Taking care of yourself:  Learn to tell whether your feelings are normal, or are signs of too much stress. If you are feeling overwhelmed and stressed, there are things you can do.

Talk to your doctor or your family member’s doctor:  Don’t be ashamed or embarrassed about how you’re feeling. Talk to your doctor about all of your symptoms. He or she can recommend coping methods, support groups, counselling, or medicine to help you feel better.

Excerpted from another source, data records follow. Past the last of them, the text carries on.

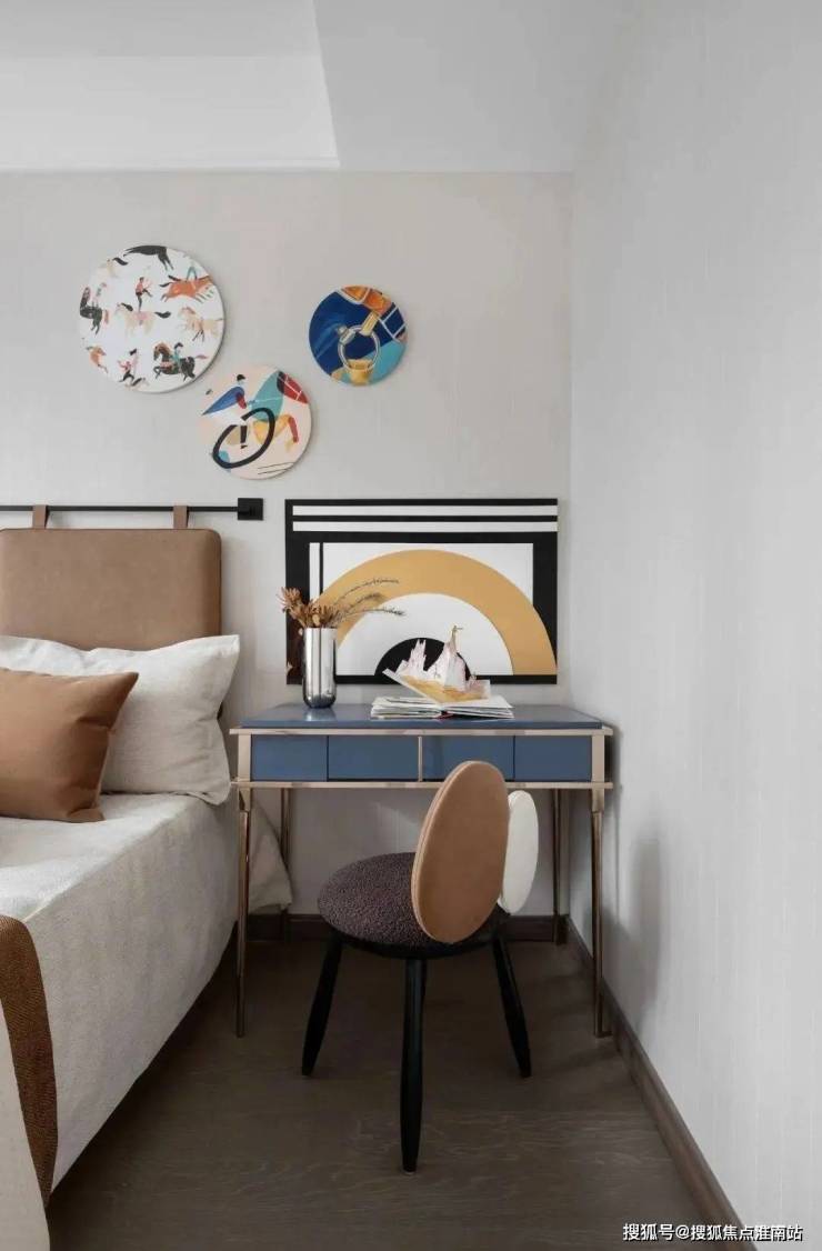 而男孩房的设计更显得元气满满,不管是吊灯或是床头柜,还是书桌设计都更具一派属于少年的天真烂漫之感.
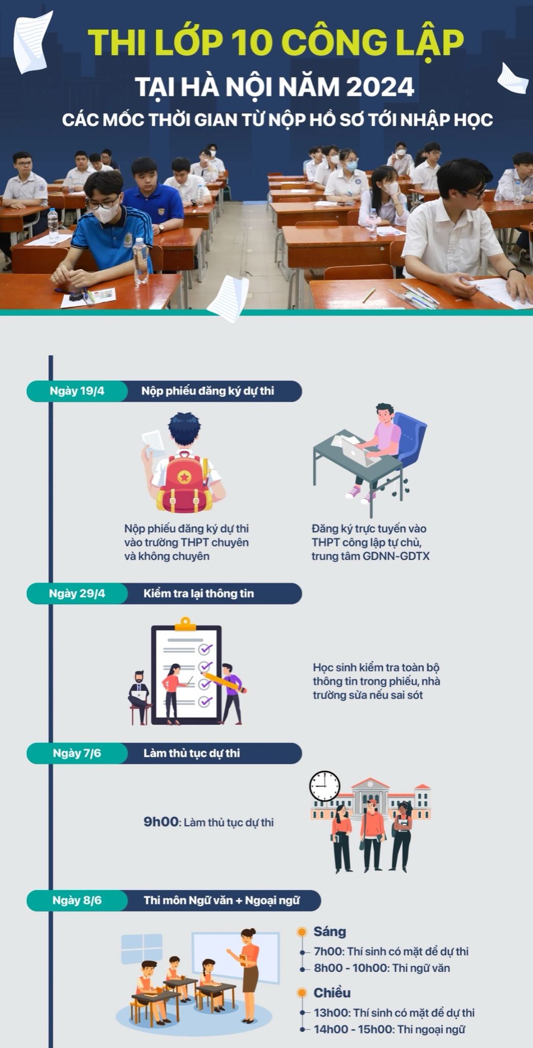 Kỳ thi lớp 10 công lập tại Hà Nội năm 2024 sẽ diễn ra ngày 8-9/6 dành cho tất cả thí sinh. Học sinh cần ghi nhớ các mốc thời gian quan trọng từ khi đăng ký nguyện vọng đến lúc nhập học chính thức.
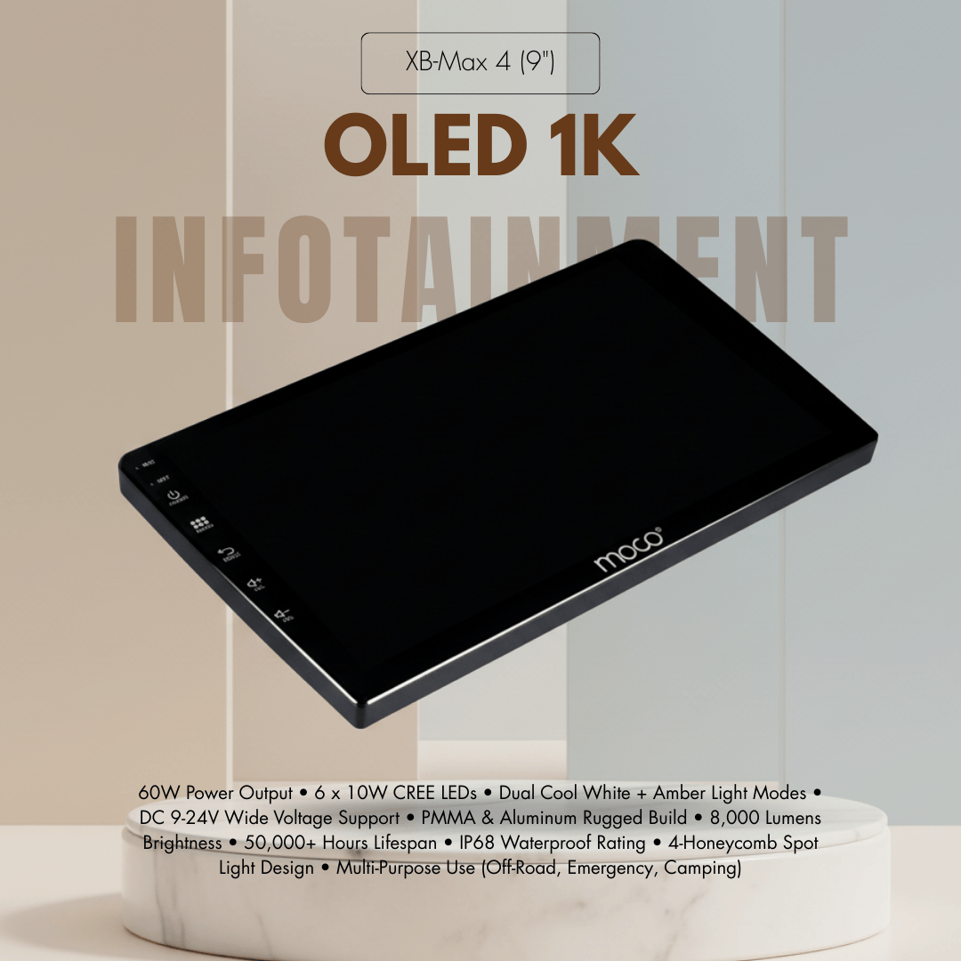 The XB-Max 4 (9"") OLED 1K redefines in-car entertainment with upgraded memory, powerful audio output, and an immersive OLED viewing experience. Designed for high-performance vehicles and users who demand the best in both sound and screen, this system is the perfect blend of power, clarity, and control.
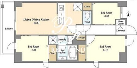 | 平米数 | 52.57m2 | 部屋詳細 | LDK10.6帖/洋室5.1帖/洋室4.3帖/洋室3帖 |
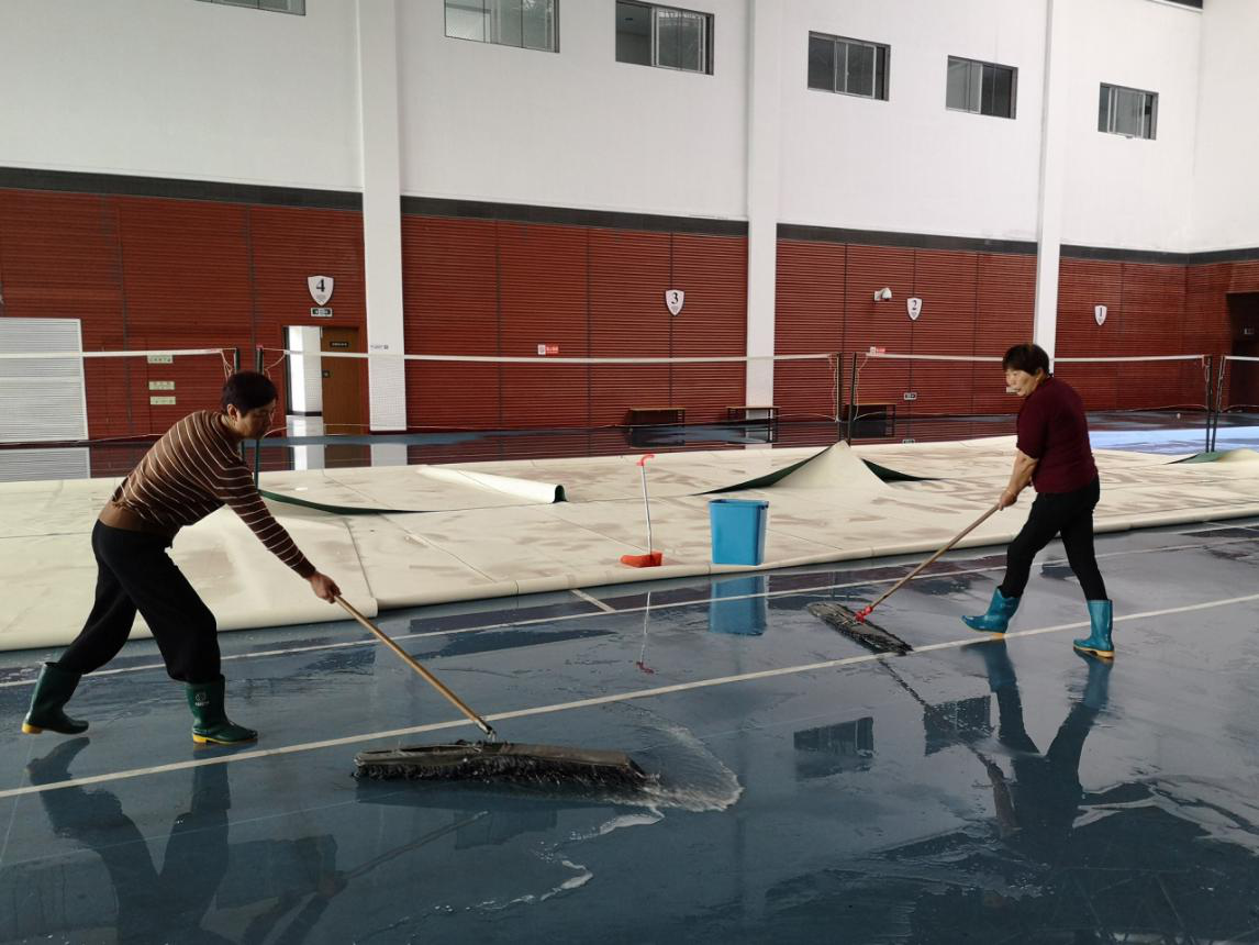 3月21日傍晚,诸暨市出现强对流天气,对必赢官网造成较大影响。经统计,较大树木受损34棵,教学楼屋顶油毡瓦吹落1000余平方米, 连廊吊顶损坏200余平方米,门窗、匣道玻璃、外墙涂料多处受损。此外,篮球场不锈钢围栏整片倒塌,篮球馆、网球馆屋顶铝合金盖板、防水层损坏严重。

Talk to your loved ones and your family: You may feel that you shouldn’t burden people with your feelings, but talking about the illness and how you feel can help you relieve stress. Talk with your family members, or friends who can provide support.

Take care of your health: Have regular health check-ups even if not unwell.

  • Avoid using alcohol and tobacco.
  • Eat a healthy, balanced diet.
  • Exercise regularly.
  • Get plenty of sleep.
  • See your family doctor for preventive care.

Educate yourself about your loved one’s medical condition:  Find out all you can about the condition your loved one has, the treatment he or she is going through, and its side effects. Being informed can give you a sense of control. Your loved one’s doctor, support groups, and the internet are good resources for more information.

Stay organized:  A caregiver has a full-time job. You may be doing it on top of other responsibilities. Make a schedule with your family. This will help all of you stay organized and will help you manage the demands on your time. Don’t forget to schedule time for things you enjoy. There is no guilt in that. These could include visiting with friends or going out to dinner or a movie.

Look for help in your community: Community services provide different kinds of help. These include meal delivery, transportation, and legal or financial help. They also include home health care services such as physical therapy, nursing, or respite care for you.

Join a support group: Support groups allow you to share your feelings and experiences with other people going through similar situations. Your doctor can suggest local support groups, or you can do an online search for groups near you.

Seek counselling: Recognizing that you need help takes strength and courage. Your doctor can address or can refer you to a therapist who specializes in the kind of counselling you need.